Nelle 128 pagine dell’edizione dell’Accademia della Critica della facoltà di giudizio teleologica si contano 58 occorrenze di «uso» («Gebrauch»), 4 di «usare» («gebrauchen»). Altre 4 occorrenze si hanno di «gebraucht», che, almeno da un punto di vista sintattico, può venir interpretato sia come participio di «gebrauchen» che come participio di «brauchen» («abbisognare»).

C’è un fatto che balza agli occhi del lettore che presta attenzione alle occorrenze di «uso» in questo contesto: nelle definizioni di «conformità a scopi soggettiva» o relativo-interna (KU, Ak. V: 359; 399), «conformità a scopi formale» o relativo-esterna (ivi: 363; 407-408), «conformità a scopi obiettivo-materiale» o oggettivo-esterna (ivi: 367; 415) compare sempre il termine «uso». Non compare invece nel § 65 in cui Kant tratta degli «scopi di natura» e definisce la «conformità a scopi oggettiva e interna» — la «teleologia» in senso proprio. Stando a Hegel, «uno dei più grandi servigi di Kant resi alla filosofia» sarebbe consistito «nella differenza che egli ha posto tra una conformità a scopi relativa e esterna e tra una conformità a scopi interna» (WdL, GW 12: 157). A fondamento di questo «grande servigio» reso da Kant alla filosofia vi è — almeno formalmente — il concetto di «uso».
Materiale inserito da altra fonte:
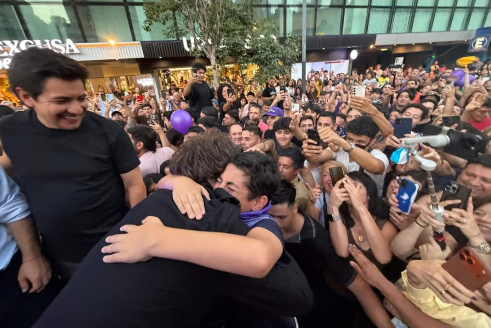 Javier Milei se fundió en un abrazo con un joven seguidor visiblemente emocionado, demostrando que la conexión con las nuevas generaciones se mantiene intacta.
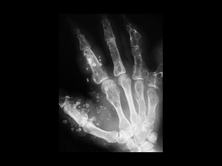 Synovial osteochondromatosis • Findings: – Multiple round calcified masses in the joint space – Erosions on both sides of the joint – Single joint involvement • ddx: – Primary (idiopathic) – Secondary to OA
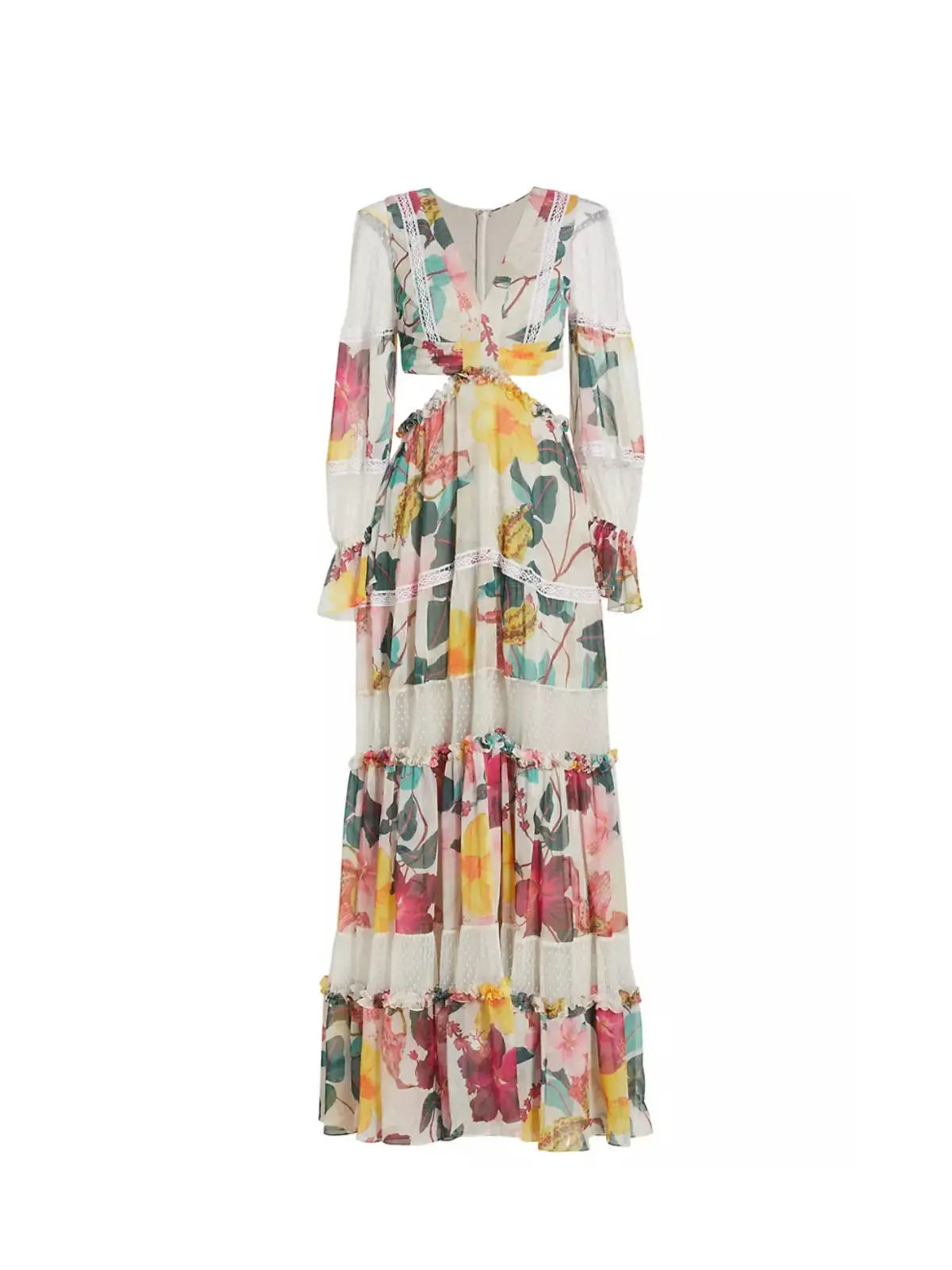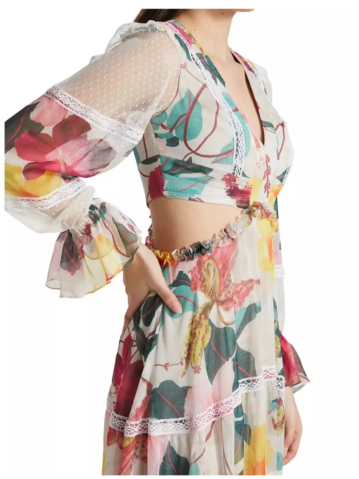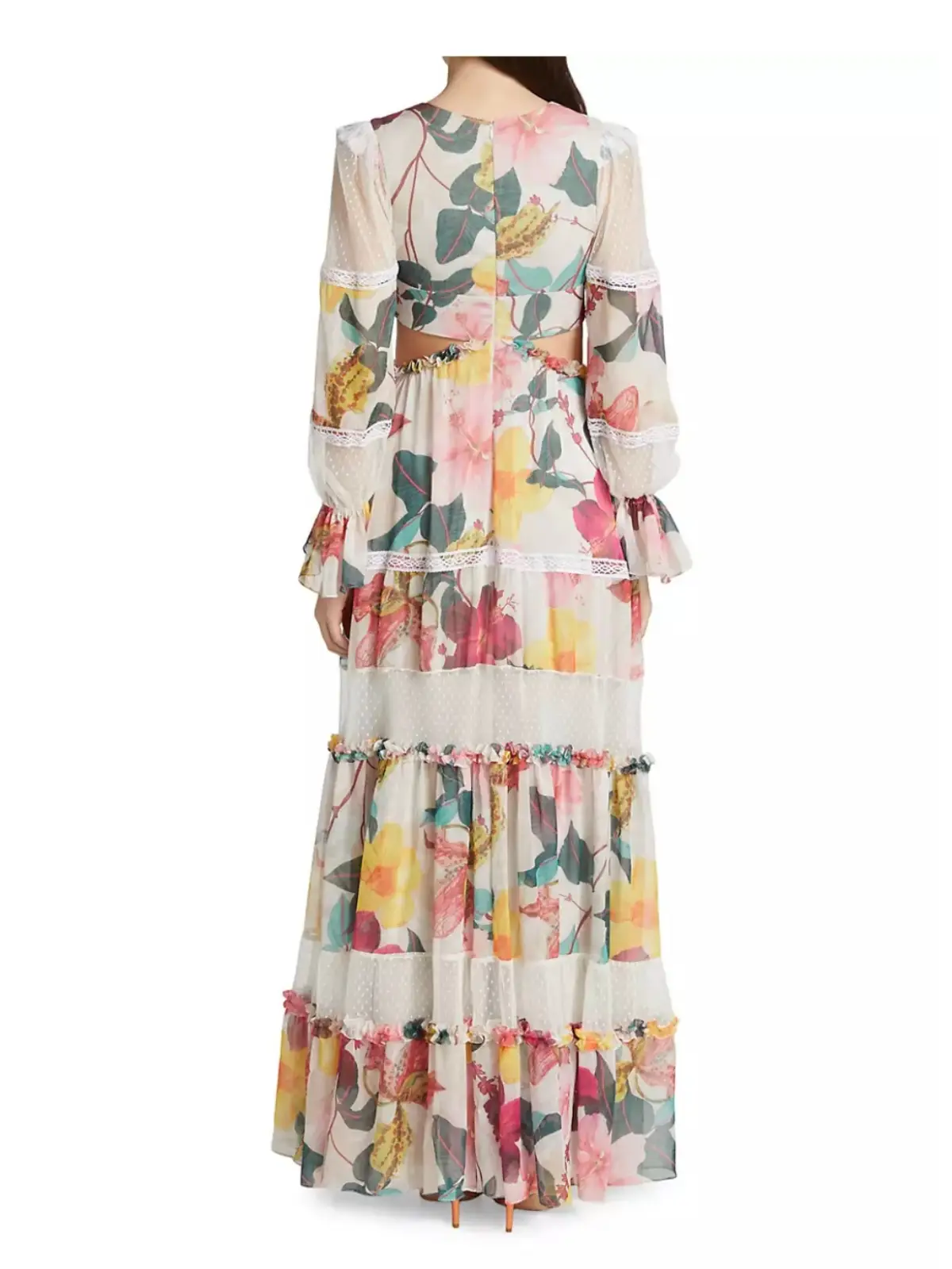 Hibiscus Lace-Trimmed Cutout Maxi Dress

D’altronde, anche nella Dialettica della facoltà di giudizio teleologica l’antinomia sorge quando si scambia «ciò che vale soltanto soggettivamente per il nostro uso della ragione in vista delle leggi particolari dell’esperienza» con ciò che «deve regolarsi sulle leggi (generali o particolari) date dall’intelletto» (KU, Ak. V: 389; 459).

Un’ulteriore ricerca dovrà dar conto delle occorrenze — ispecie mancate — di «uso» nelle analisi kantiane della «teleologia», e interpretarle soprattutto alla luce dei contenuti del saggio del 1789 (Sull’uso dei

principi teleologici in filosofia), tenendo tuttavia sempre a mente quella critica di Heidegger secondo cui è

proprio attraverso l’attività d’uso che viene scoperta la «teleologia» dei «prodotti naturali» (cfr. infra Parte prima, Sezione prima §§4.6-4.7).